For kids with sensory issues even wearing clothes can be stressful and uncomfortable. This can be a huge battle for parents as well as the child. The more I’m learning about sensory issues the more I understand the value of brands like Peekaboo Beans playwear. Full disclosure, I am a Peekaboo Beans Play Stylist. Once I discovered the brand and Grayson’s love for it I wanted to buy all the clothes and tell everyone about it. So I became a Stylist to learn more about the products and to share that knowledge within my community. The playwear has soft, removable tags, there are no itchy pieces. Most bottoms are zipper and button free and the fabrics are chemical free, with no heavy metals or carcinogenic dyes like many other brands of kidswear. Everything meets the Oeko-Tex Standard 100, an independent testing and certification system. Stitching is flat locked and reinforced in ‘high traffic’ areas to protect against wearing out from crawling and climbing. The clothes are designed to grow with your child and they truly do. The bottom line is kids feel good and are happy to get dressed in their Beans. The pieces are so comfortable and such wonderful quality. For a child who already has so many struggles, if parents can make one daily task like getting dressed easier, that’s a huge win.
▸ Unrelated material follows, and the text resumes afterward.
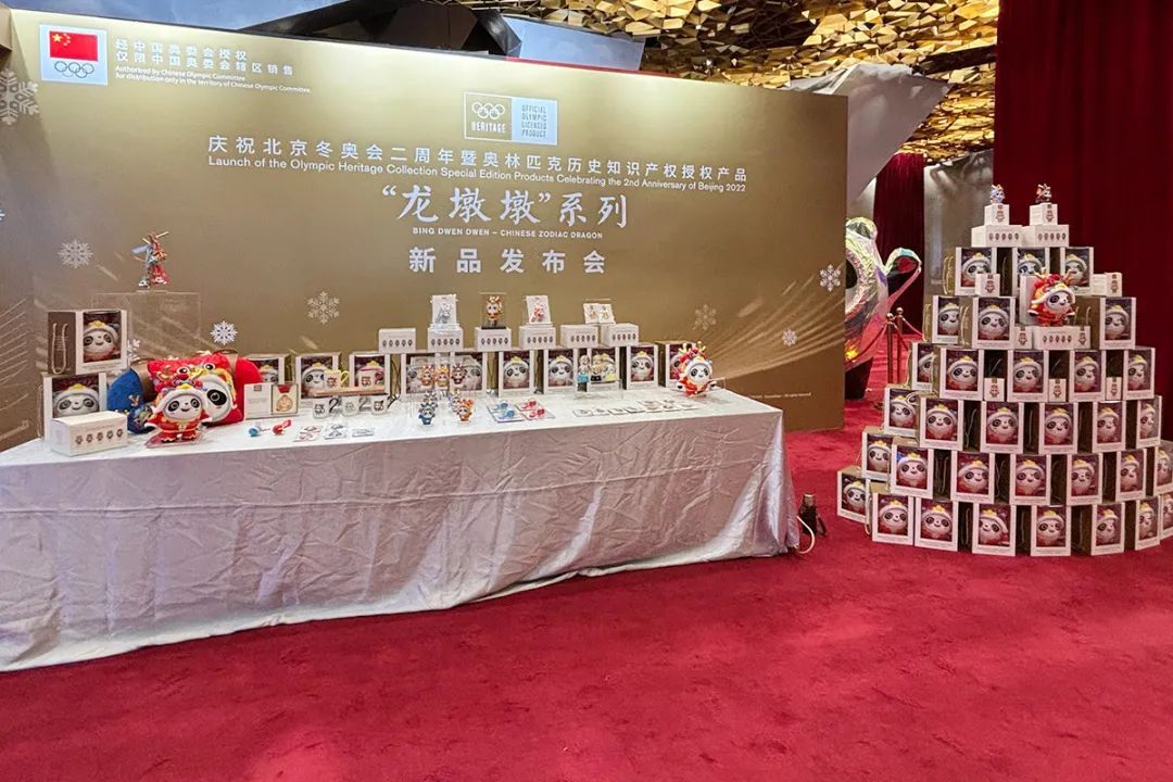 “龙墩墩”作为奥林匹克历史知识产权再次授权开发的文创产品,是“冰墩墩”与中国生肖文化的延续。“‘龙墩墩’选择‘舞龙’‘四海龙王’等传统文化特点作为创意基点,代表着人们对风调雨顺、平安、丰收的美好期望,融合了中华民族的龙文化和奥林匹克大家庭团结的主题。”设计师林存真介绍,“龙墩墩”系列新品既是庆祝北京冬奥会成功举办两周年,也是对即将到来的龙年送出新春的祝福。
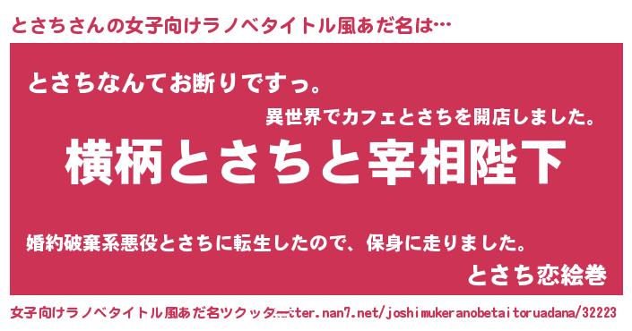 | 男性向けラノベタイトル風あだ名 | 『とさちに滅ぼされるだけの簡単なお仕事です』 |

In the last six months we have seen some great improvements in Grayson. He has been communicating better and able to focus more and calm himself. We are all more educated and aware of what’s going on in his little body and mind, but our struggles are very much ongoing. Since I heard that Sensory Processing Disorder is not in the medical book of diagnosis I have made an effort to talk to other parents about Grayson and his issues. We’ve connected with some great families whose child or children have sensory processing disorder. It’s so important there is understanding around this struggle as it’s all too common. Finding resources like we have at the Child Development Centre and products like Peekaboo Beans make kids more comfortable and able to function better. They’ve helped our everyday tasks to be a bit easier and I want to share my findings with other parents. I would advise any parent who feels their child is more than just ‘busy’ and or experiencing other struggles to ask questions, do research, consult experts and share your experiences. I’m very proud that we have been huge advocates for Grayson and pushed for answers and support. We won’t stop learning, pushing and supporting our son through this. I know that we will be able to get him to a better more consistent state. Look out world – this sweet, smart, funny and crazy busy boy is going places and I’m so happy that he is mine!